[Stored data entries]
***
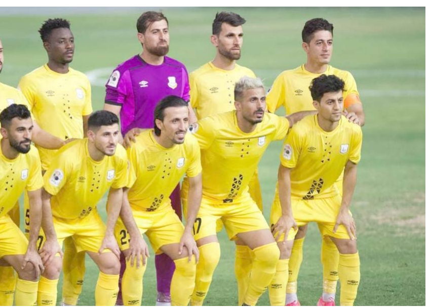
دوري : جرت أمس الثلاثاء، مواجهتان في ختام منافسات الجولة الخامسة والثلاثين للدوري الممتاز لكرة القدم بقاء فريق اربيل مع فريق الكهرية بينما واجه فريق الشرطة على ملعب الشعب فريق الحدود. نتيجة المواجهات على الموقع الإلكتروني لجريدة (الزمان).

اصابة بكورونا في منحني غير مسبوقة منذ ظهور الجائحة. وأشار الموقف الوبائي اليومي الذي اطلقت عليه (الزمان) امس ان (الفحوصات المختبرية التي اجرتها الوزارة لحالات مشتبه اصابها بالفايروس بلغت 52 ألف فحص، حيث تم رصد 8818 إصابة في جميع المحافظات)، مبينا ان (الشفاء بلغ 5998 حالة ووباق 31 وفاة جديدة)، وتابع ان (أكثر من 35 ألف شخص تلقى جرعات اللقاح المضاد في بغداد والمحافظات).
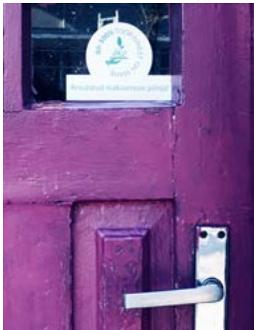
Karlova kohviku uks

„Selle märgi puhul on hea, et saab valida kolme vahemiku vahel: kui päris 80–100% ei jaksa või saa, siis on alati võimalik alustada väiksemast protsendist. See on suurepärane võimalus ennast proovile panna, sest kindlasti peab tooraine nimel rohkem pingutama, kuid meie arvame, et ka tulemus on oluliselt parem.“
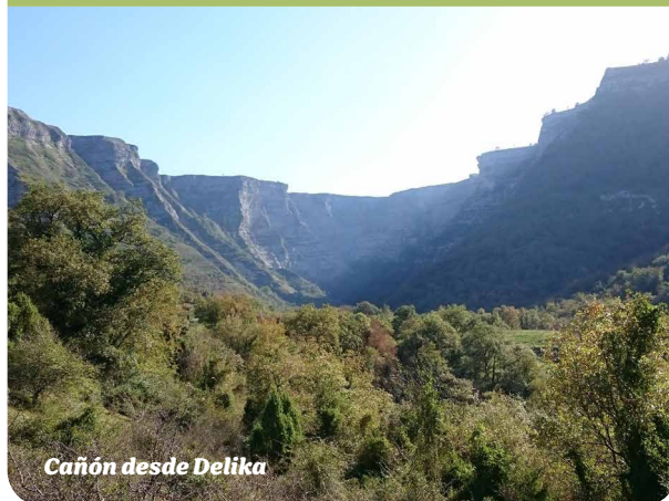
Cañón desde Delika

MATRÍCULA: socio/as gratuita, no socio/as: 5€
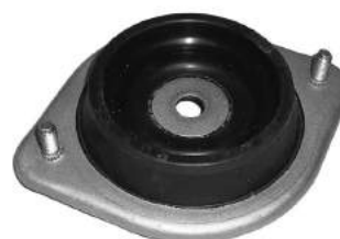
Código: 90024 Modelo: POINTER Nº Original: 547412325 Soporte de amortiguador
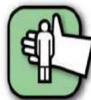
Protection du personnel

https://blog.univ-reunion.fr/detroi/vie-du-laboratoire/accueil-des-stagiaires-et-nouveaux-entrants/
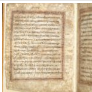
St Chad Gospels, page 2
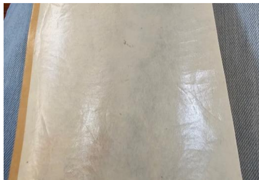
Gambar 6. Wujud Inovasi pengembangan Kertas gendhong menjadi Kertas Mukohar

Dalam perspektif etnografi kritis, inovasi ini memperlihatkan bagaimana komunitas santri menegosiasikan warisan teknik dengan kebutuhan praktik estetika religious dalam wujud kertas cetak serat (Gambar 5). Nilai kesabaran, ketekunan, dan spiritualitas yang melekat pada proses pembuatan kertas tradisional direartikulasi sebagai pengalaman kreatif yang menumbuhkan rasa kepemilikan budaya (Creswell, 2018; Sedyawati, 2008). Material utama berupa pohon glugu tetap dipertahankan sebagai bahan yang secara historis mengakar dalam tradisi Tegalsari yang nantinya di lapis menjadi kertas mukohar (Gambar 6). Para santri Gontor memelihara rantai makna antara material lokal, disiplin tulis, dan ibadah, sekaligus menghasilkan artefak yang relevan bagi praktik kaligrafi di lingkungan pesantren.
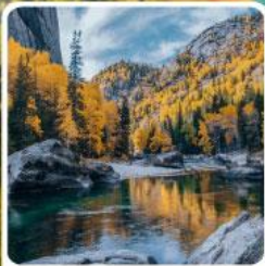
เคอเคอทัวให้อัจฉรัยภูผาหิน
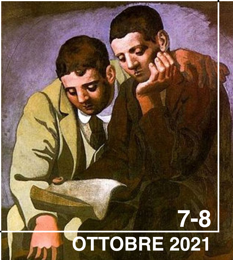
Pablo Picasso, La lecture de la lettre , 1921
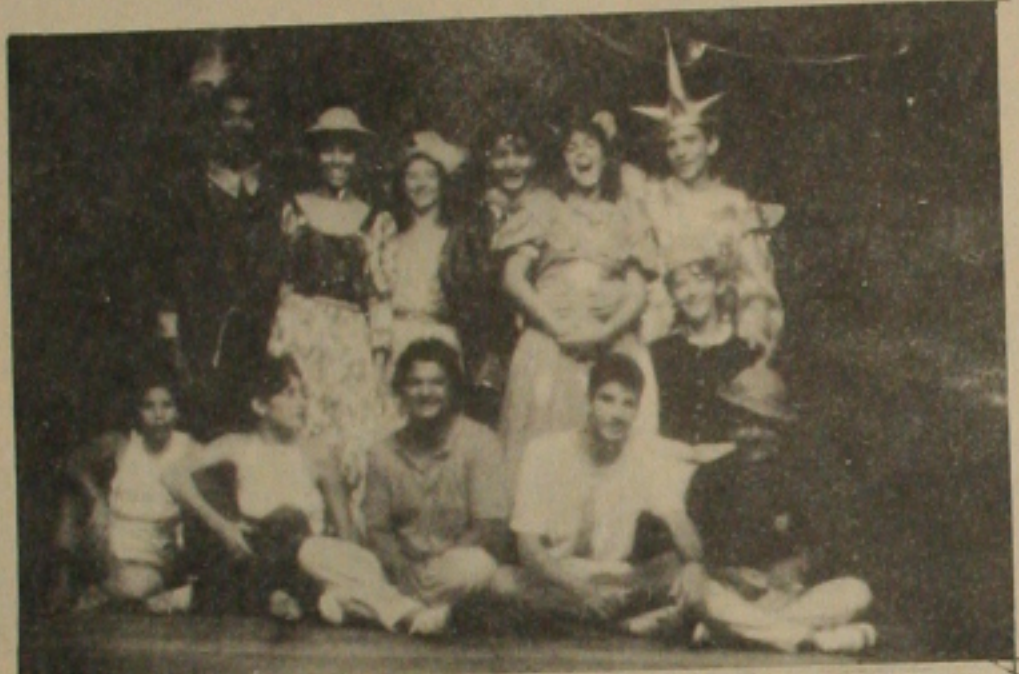
Grupo Raízes sempre para as crianças

Estréia no Teatro Atheneu dias 10, 11 e 12 de outubro com sessão às 17 horas, o musical infantil O PRÍNCIPE FORMOSOSO com texto de Jorge Lins, músicas de Irineu Fontes e montagem do Grupo Raízes.
***
> Goal of the exercise:
Which lines above hold the word "Raízes"? Copy each of them.

> Response area:
Grupo Raízes sempre para as crianças
Estréia no Teatro Atheneu dias 10, 11 e 12 de outubro com sessão às 17 horas, o musical infantil O PRÍNCIPE FORMOSOSO com texto de Jorge Lins, músicas de Irineu Fontes e montagem do Grupo Raízes.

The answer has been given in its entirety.